Essere o Esserci è differente. Ad una prima lettura potremmo dire che sono due parole identiche che si differenziano solo per una particella, due lettere.

Queste due lettere hanno però il potere di radicare nel contesto in cui ci si trova, danno il senso della presenza, di una presenza consapevole ed attenta, e non fluttuante e vaga come nell’essere.

Martin Heidegger, filosofo tedesco del Novecento, utilizza, nella sua analisi del problema del senso dell’essere, la parola “esserci” per definire l’uomo:

Questo ente, che noi stessi via via siamo e che tra l’altro possiede la possibilità d’essere del domandatore, lo indichiamo con termine di esserci”. (Heidegger M., Essere e tempo, tr. it. di A. Marino, Mondadori, Milano 2011, p. 22)

Afferma, inoltre, che:

L’esserci, secondo un modo d’essere che gli appartiene, ha piuttosto la tendenza a comprendere il proprio essere a partire da quell’ente in rapporto al quale per essenza costantemente e in prima istanza si tiene, ossia a partire dal mondo.” (ivi, pp. 33 -34).

Quindi nella comprensione dell’uomo non può essere tralasciato il suo contesto:

L’espressione composta “essere-nel-mondo” mostra già, nella sua stessa coniazione, che con essa si intende un fenomeno unitario”. (ivi, p. 83)

E definisce il “ci” proprio per sottolineare il radicamento:

….il “ci” allude al “qui” e al “là” sottomano [….] La spazialità esistenziale dell’esserci, che in tal modo gli destina il suo “luogo”, si fonda anch’essa sull’essere nel mondo”. (ivi, p. 193)

Dall’analisi esistenzialista effettuata dal filosofo possiamo mutuare alcune delle caratteristiche dell’esserci, tra cui l’essere-nel-mondo inteso come esistenza, che possono aiutarci a comprendere meglio il concetto stesso di “esserci” e sottolineare l’importanza di essere radicati e consapevoli nel qui ed ora dell’incontro con l’Altro.

Le discussioni che sembrano non avere un senso, il non sentirsi visto, capito, riconosciuto, il senso angosciante di solitudine, gli agiti, etc… sono frutto di relazioni in cui non avviene un incontro, dove non c’è stata connessione e sintonizzazione con l’Altro.

È fondamentale per il proprio benessere conoscere e riconoscere i propri bisogni, emozioni, desideri, aspettative e pensieri. Ma l’espressione di tutto ciò che ci si agita dentro, in maniera più o meno compulsiva, ci renderà “enti nello stesso spazio”, citando il filosofo, e non ci porterà ad “essere-nel-mondo” e quindi di incontrare l’Altro.

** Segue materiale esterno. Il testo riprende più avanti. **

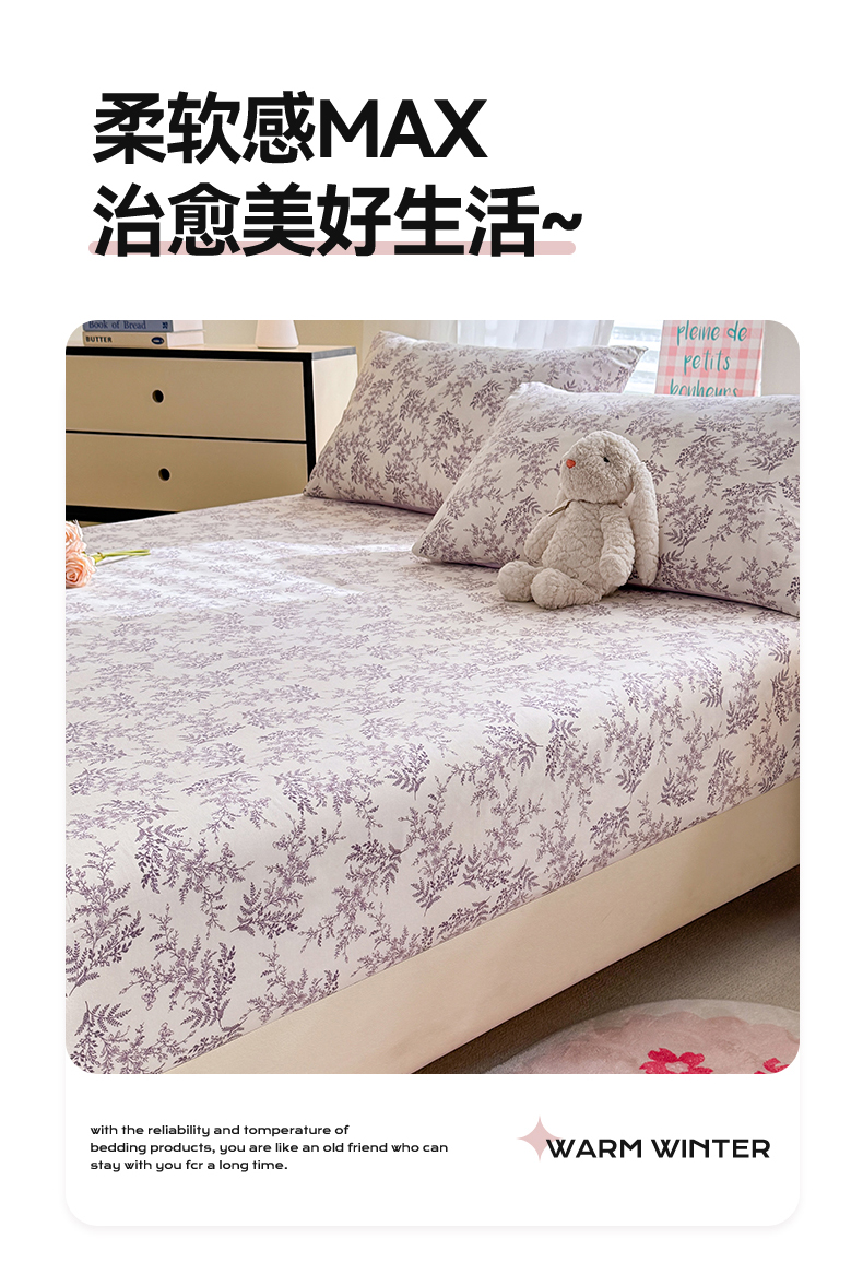 • 91家纺网 家纺一手货源 找家纺 多品家纺 2025新款超柔水洗云朵棉单品床笠 梨落紫
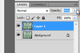 Določite layerju še nižjo Opacity vrednost (glej sliko).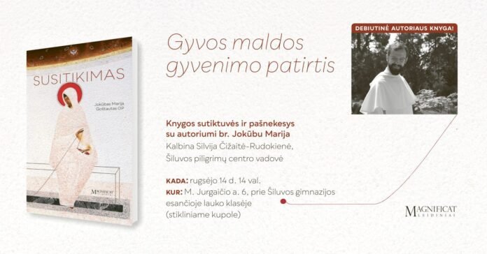 Kviečiame į knygos sutiktuves! Pirmasis knygos pristatymas – pašnekesys su knygos autoriumi br. Jokūbu Marija Goštautu OP – numatytas Šiluvoje, atlaidų metu, rugsėjo 14 d. 14 val. M. Jurgaičio a. 6, prie Šiluvos gimnazijos esančioje lauko klasėje (stikliniame kupole).

Non c’è una ricetta che siamo obbligati a seguire, ognuno ha la libertà di scegliere come stare al mondo: possiamo “essere” e quindi esprimere quello che sentiamo all’esterno di noi indipendentemente dall’Altro con cui siamo in quel momento e dal contesto, negando l’unicità della relazione. Oppure possiamo muoverci nella relazione consapevoli di far parte di quella specifica relazione, che è unica ed inedita, di stare in quel momento con il nostro corpo, le nostre emozioni, i nostri pensieri riconoscendo la presenza dell’Altro ed entrando in connessione con lui, che porterà a sua volta il suo corpo, le sue emozioni ed i suoi pensieri, e quindi “esserci”.

Se siamo disposti ad incontrare l’Altro allora “ci stiamo” nell’incontro portando la nostra autenticità ed unicità. Sapremo cosa dire/non dire, fare/non fare perché saremo in connessione con noi stessi, nella nostra interezza, riconoscendo la persona che abbiamo di fronte, nella sua interezza. È questo l’incontro che ci arricchisce, ci fa sentire riconosciuti, ci fa provare emozioni, ci dà energia……ci fa sentire che siamo vivi!

Quindi a noi la scelta, non tra “essere o non essere?” o tra “essere o avere?”, ma tra “essere o esserci?”